The Cape's bottom fifteen miles consist of starkly windswept tundra called fynbos, accessed by no public transportation whatsoever. This remote portion offers fabulous views across deep-blue bays and a national park encompassing Cape Point and the Cape of Good Hope, Africa's southwesterly-most point. The Park enjoys deserved adulation, consequently jammed with tourists in high season, watching the surf break in fluorescent shades of blue, gawking from serpentine trails engineered to best display vertigo cliffs of yellow, frothed by white.
The flat-topped mountain called Table glowers above Cape Town like Mesa Verde (green table in Spanish) towers above my home town of Cortez, Colorado, admittedly in a rather different setting. Instead of surrounded by 14,000 foot (4200 meter) peaks like Mesa Verde, Table Mountain stands utterly alone, churning the weather for the town below. The locals brag that the weather often turns treacherous on Table Mountain, changing a minimum of four seasons in twenty-four hours.
The Mountain is often slathered with a tablecloth of cloud, but more frequently swept by winds nicknamed Cape Doctor, souring off Table Bay to scour the City's 116 square miles (300 square kilometers) free from all pollution. The best part of the Mountain is not the cable car rigged for sissy tourists, but the invigorating four hours it takes to hike to the top while enjoying phenomenal views of the surrounding hillocks, the town and the castle below.

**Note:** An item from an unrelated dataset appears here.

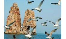 萬(wàn)鳥島又稱車由島,坐落于長(zhǎng)島諸島中部偏東,這個(gè)海拔73.5米、僅有0.05平方公里的小島,在浩渺的汪洋大海之中,簡(jiǎn)直是一粒微不足道的沙粒,然而海深魅力大,島小情趣多,島上棲居著上萬(wàn)只海鷗,被稱為“萬(wàn)鳥島”。萬(wàn)鳥島,又稱車由島,遠(yuǎn)遠(yuǎn)望去,酷似一艘錨泊的登陸艦。全島海岸線長(zhǎng)1.25公里,海岸地貌懸崖陡壁占90%以上,這些如劈如削的斷崖,多石英巖與極巖,破碎性強(qiáng),經(jīng)風(fēng)化和海蝕,崖壁此凸彼凹,石階、石臺(tái)、石窟、石穴鱗次櫛比,形成一座自然的海鷗“石樓”。

The 350 classified routes to the top offer orchids, hundreds of daisy variations, and silver trees, all subject to nibbling by Himalayan goats whose ancestors escaped from a Cape Town zoo.

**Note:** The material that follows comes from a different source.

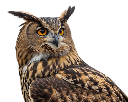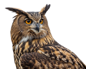 Detailed Portrait of an Eagle Owl with Intense Gaze on transparent background

But beware, because sissies sometimes win. During my Cape Town stay the local newspaper headlined two hikers, only one of whom made half the climb intact before he was rescued by helicopter. Meanwhile, his buddy had plunged to a crushing end.
Cape Town is parked equidistant between Table Bay and Table Mountain, abutting both, encircled by the ridges of Lion's Head and Lion's Rump. The Rump ran afoul of political correctness and was renamed Signal Hill. It features a cannon on top that pops promptly and daily at noon, saying, Go to lunch.

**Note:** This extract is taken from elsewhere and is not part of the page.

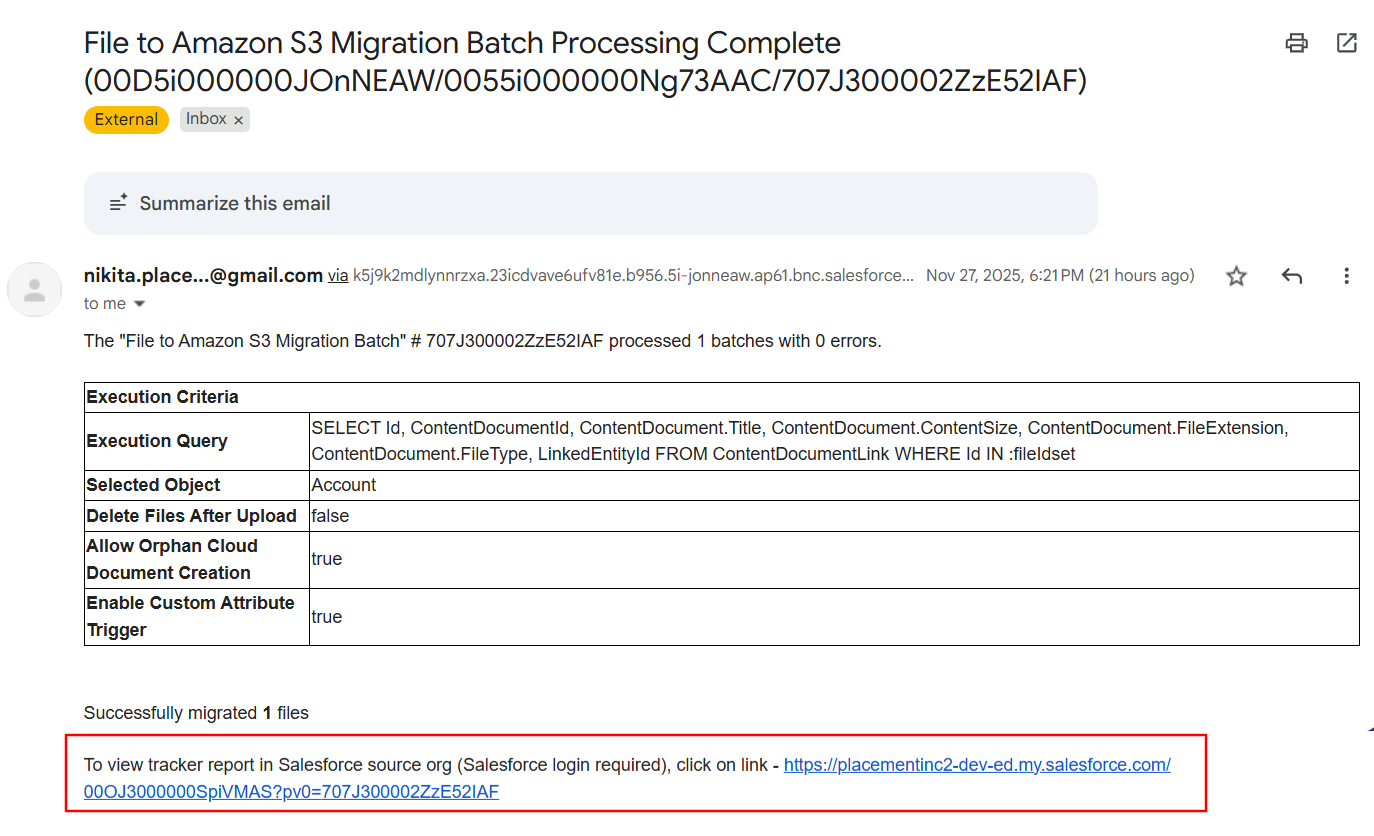The email provides a direct link to the Tracker Report in Salesforce, where you can view detailed migration logs (Salesforce login required).

The city offers perfect spring weather year-round, ignoring the occasional winds approaching hurricane force. Shop for African crafts and colorful ostrich eggs painted with brilliant scenes of Africa. And enjoy the seafood restaurants, accompanied by a glass of local wine. The surrounding countryside has sprouted world class vineyards, accordingly priced.
The City is populated by the most sophisticated and erudite people in Africa, truly no big deal. But go anyway, to enjoy the ambience, food, shopping and above all, location, setting and over-priced hotels, the most photogenically situated on earth.
When you go: Fly to Cape Town or Johannesburg from any major European city or with a single connection from the States. Delta recently began nonstop service to Cape Town with roundtrip flights under $1000. Hotels are expensive, on par with Europe. Even backpackers hostels charge $40 for a room without en-suite facilities, for one person. If you must have a bathroom, pony up the Rand. Public transportation around South Africa is easy and relatively economical by Greyhound, Intercape and other carriers, but they skip tourist outposts such as the Cape. However, the Baz Bus provided a shuttle through all South Africa tourist areas, plus through Swaziland and parts of Mozambique. See www.bazbus.co.za, also pricey. It's cheaper to fly than to take the Baz Bus. High season is December, January and March. I have no idea why February isn't part of high season, or why the weather is often nicer in April.